**Given entries**
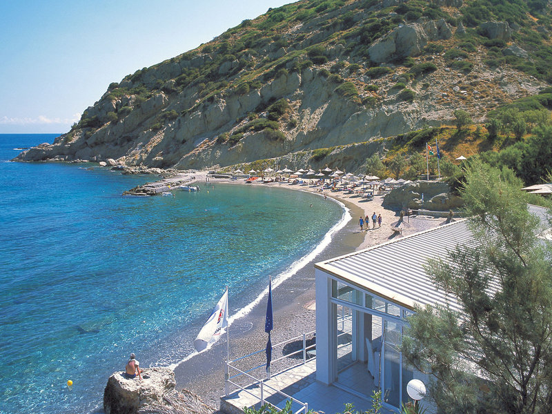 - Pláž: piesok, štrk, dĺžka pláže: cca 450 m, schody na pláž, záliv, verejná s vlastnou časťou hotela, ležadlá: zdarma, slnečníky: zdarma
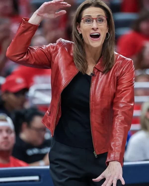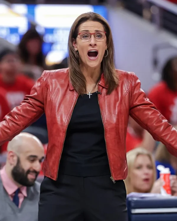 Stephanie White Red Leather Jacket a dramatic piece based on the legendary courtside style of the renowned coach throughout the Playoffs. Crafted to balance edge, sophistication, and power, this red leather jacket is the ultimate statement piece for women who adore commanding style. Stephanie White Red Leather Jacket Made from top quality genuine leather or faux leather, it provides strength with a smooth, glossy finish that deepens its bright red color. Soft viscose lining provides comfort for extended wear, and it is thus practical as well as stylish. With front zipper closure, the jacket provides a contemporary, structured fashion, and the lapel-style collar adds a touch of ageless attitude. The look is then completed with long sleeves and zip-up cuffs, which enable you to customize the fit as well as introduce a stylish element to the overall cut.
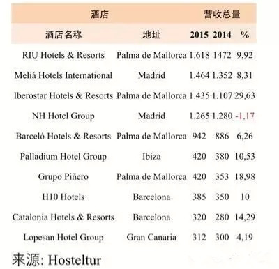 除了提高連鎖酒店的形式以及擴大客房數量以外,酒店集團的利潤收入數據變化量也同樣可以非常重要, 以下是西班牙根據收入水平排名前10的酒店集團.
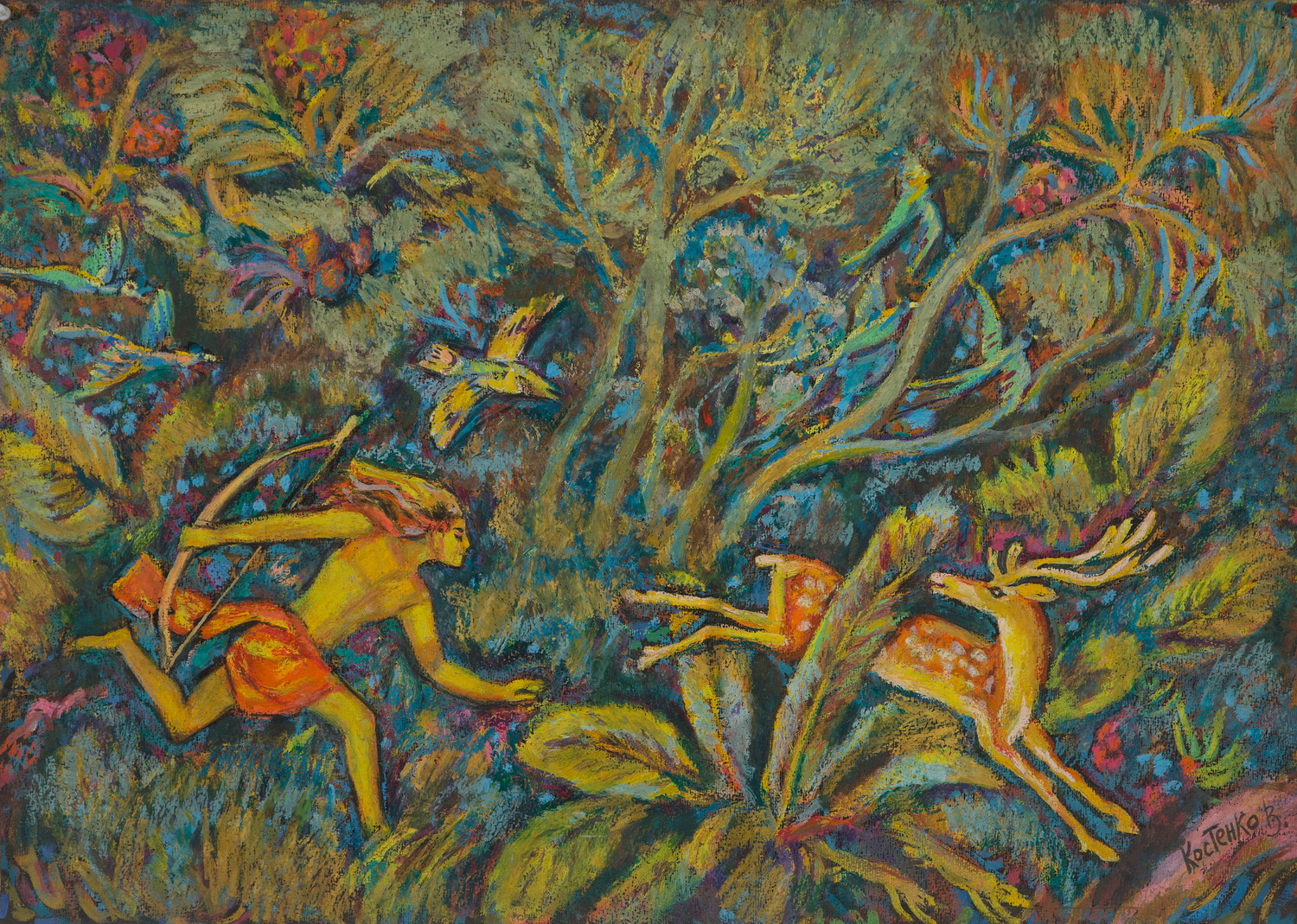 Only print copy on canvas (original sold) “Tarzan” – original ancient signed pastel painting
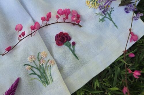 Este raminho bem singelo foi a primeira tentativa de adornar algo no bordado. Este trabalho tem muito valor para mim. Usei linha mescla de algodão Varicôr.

**What to produce**
Print every record above exactly, with no pictures.

**Expected output**
 - Pláž: piesok, štrk, dĺžka pláže: cca 450 m, schody na pláž, záliv, verejná s vlastnou časťou hotela, ležadlá: zdarma, slnečníky: zdarma
 Stephanie White Red Leather Jacket a dramatic piece based on the legendary courtside style of the renowned coach throughout the Playoffs. Crafted to balance edge, sophistication, and power, this red leather jacket is the ultimate statement piece for women who adore commanding style. Stephanie White Red Leather Jacket Made from top quality genuine leather or faux leather, it provides strength with a smooth, glossy finish that deepens its bright red color. Soft viscose lining provides comfort for extended wear, and it is thus practical as well as stylish. With front zipper closure, the jacket provides a contemporary, structured fashion, and the lapel-style collar adds a touch of ageless attitude. The look is then completed with long sleeves and zip-up cuffs, which enable you to customize the fit as well as introduce a stylish element to the overall cut.
 除了提高連鎖酒店的形式以及擴大客房數量以外,酒店集團的利潤收入數據變化量也同樣可以非常重要, 以下是西班牙根據收入水平排名前10的酒店集團.
 Only print copy on canvas (original sold) “Tarzan” – original ancient signed pastel painting
 Este raminho bem singelo foi a primeira tentativa de adornar algo no bordado. Este trabalho tem muito valor para mim. Usei linha mescla de algodão Varicôr.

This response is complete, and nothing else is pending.